5. Germination tests were conducted only on radish seeds (Raphanus sativus) under controlled conditions. Field trials and testing across diverse plant species are necessary to assess broader agronomic applicability. Additionally, the residual substrate’s long-term effects on soil health and crop yields are not evaluated.
6. The projected selling price of mushrooms ($6.58/kg) lacks empirical validation from local or regional market data. Without context-specific pricing analysis, the profitability claims may be optimistic. A sensitivity analysis incorporating variable costs/prices would strengthen the economic model.
7. While ANOVA is mentioned, details on post-hoc tests (e.g., Tukey HSD) and validation of assumptions (normality, homogeneity of variances via Kolmogorov-Smirnov/Levene tests) are absent. Transparent reporting of statistical methods is essential for reproducibility.
8. Clarify abbreviations (e.g., "EB" vs. "BE" for biological efficiency).

Author Response

Q1: Please provide more valuable keywords. Replace keywords that are repeated with the title of the manuscript.

R1: Keywords: Pleurotus cultivation; sustainable substrate; Valorization of Andean grasslands

Q2: The study uses only three replicates per Pleurotus species, which limits statistical power and reliability.

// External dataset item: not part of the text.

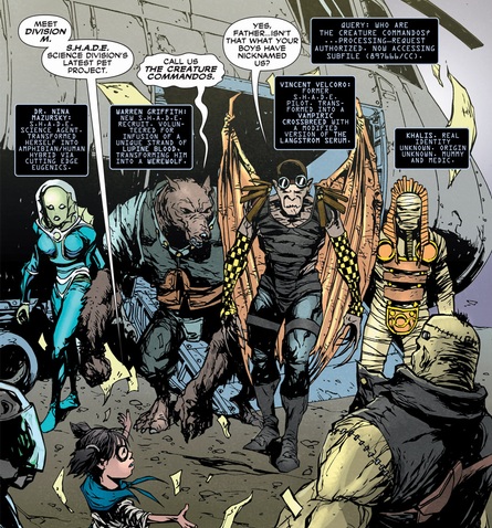 We actually got to meet a lot of important characters in the first volume of this series. The main team consists of both field and technical agents. Frankenstein is both the main character and the leader of the field team. As a zombie, Frankenstein has great strength and the ability to travel underwater without breathing. His main weapons include handguns and a sword that supposedly belonged to the Archangel Michael. Although he is very serious and a tough fighter, the years have made Frankenstein a very cultured man who treats women like a true gentleman. Lady Frankenstein is Frankenstein’s ex-wife and a top agent. She boasts zombie powers much like Frankenstein himself, but her four arms help aid her in using her handguns in an extremely effective fashion. Lady F is tough nosed, but she has adjusted to the times much better than her former husband. Father Time is the team leader back at S.H.A.D.E. His immortality is achievable through the ability to take over a new host body every ten years. The guy is more laid back than Frankenstein, but his ability to lead is quite powerful. Dr. Nina Mazursky is a master of eugenics and the team’s field scientist. She fused herself with special DNA in order to because an amphibious being. Nina is also the one responsible for transforming our next two team members. Warren Griffith is a new recruit that volunteered to become a werewolf for the sake of being on a team with Frankenstein. The guy has your standard new recruit mentality that makes him look like a kiss ass. Vincent Velcoro used to be a S.H.A.D.E. pilot, but he now takes to the skies as a vampire. It is pretty obvious that this guy is experienced because he complains about everything. Khalis is the wilcard. The guy is a complete unknown, but this mummy is the team medic. Watch out for some crazy powers out of this one. Like I said, we are dealing with a lot of monsters. Finally, we have Ray Palmer. The guy is a brilliant scientist and the liaison for the U.N. Although he is a scientists, the guy uses his tech to hold his own. Ray Palmer, Father Time, and Dr. Nina Mazursky all have basic combat skills, while the others are the heavy hitting field agents. We meet various characters along the way that all have a connection to S.H.A.D.E., but we have yet to be introduced to what looks like a main villain.

A larger sample size would increase confidence in the absence of significant differences (p > 0.05) in productivity indicators (CC, BE, PR) between species.

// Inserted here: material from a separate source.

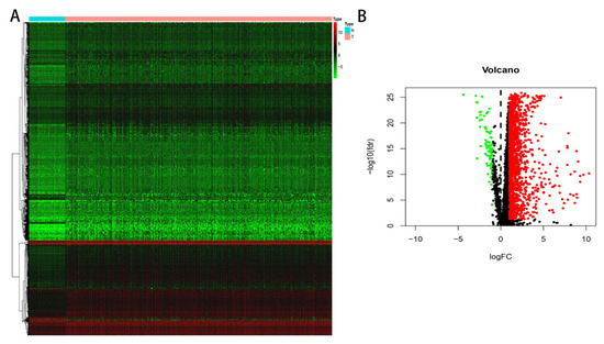 The differential expression analysis in TCGA. (A) Heatmap. (B) Volcano plot. The green dot represents the low-expression genes, the red represents the high-expression genes and the black represents no differential genes in the volcano.

R2: We appreciate your comment on sample size. In this study, three replicates per Pleurotus species were used, a design that has been employed in previous studies on fungal production on alternative substrates. While we recognize that a larger number of replicates could increase statistical power, the results obtained were consistent and showed limited variability between replicates, suggesting that differences in productivity indicators were not substantial between species. In addition, the focus of the study was to explore the viability of Jarava ichu as a substrate, and the biological efficiency and production values obtained support this possibility within the conditions evaluated. References were added as: 

Pathmashini, L., Arulnandhy, V., & Wijeratnam, R. W. (2009). Cultivation of oyster mushroom (Pleurotus ostreatus) on sawdust. Ceylon Journal of Science (Biological Sciences), 37(2).

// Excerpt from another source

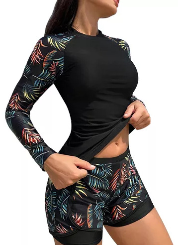 2025 유럽 및 미국 해외 직구 수영복 긴팔 디지털 프린트 배색 보수적인 비키니 사각팬티 수영복 해외 직구 인기 상품
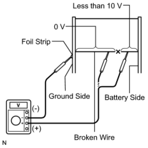 If the defogger wire is not broken, the voltmeter should indicate 0 V at the positive (+) end of the defogger wire but gradually increase to approximately 12 V as the meter probe moves to the other end.

Q3: Although 19.8 % EB compares with other substrates (e.g., 60 % coffee husk), the analysis of the inhibitory role of lignin is underdeveloped. The authors should further explore the mechanistic links between lignin content and fungal metabolism, and explore pretreatment methods (e.g., chemical or microbial delignification) to improve EB.

R3: We appreciate your comment on the analysis of the inhibitory role of lignin on biological efficiency (BE) and the suggestion to explore pretreatment methods to improve it. We address these points below:
Interaction between lignin content and fungal metabolism
Lignin is a complex, recalcitrant polymer that forms a physical barrier around structural polysaccharides in plant biomass, making it difficult for fungi to access the cellulose and hemicellulose necessary for their growth. Pleurotus fungi possess ligninolytic enzymes, such as laccases, lignin peroxidases and manganese peroxidases, which allow them to degrade lignin and access fermentable carbohydrates. However, the efficiency of this process may vary depending on the specific composition and structure of the lignin present in the substrate (Sarita et al., 2012). 
Saritha, M., Arora, A., & Lata. (2012). Biological pretreatment of lignocellulosic substrates for enhanced delignification and enzymatic digestibility. Indian journal of microbiology, 52, 122-130. 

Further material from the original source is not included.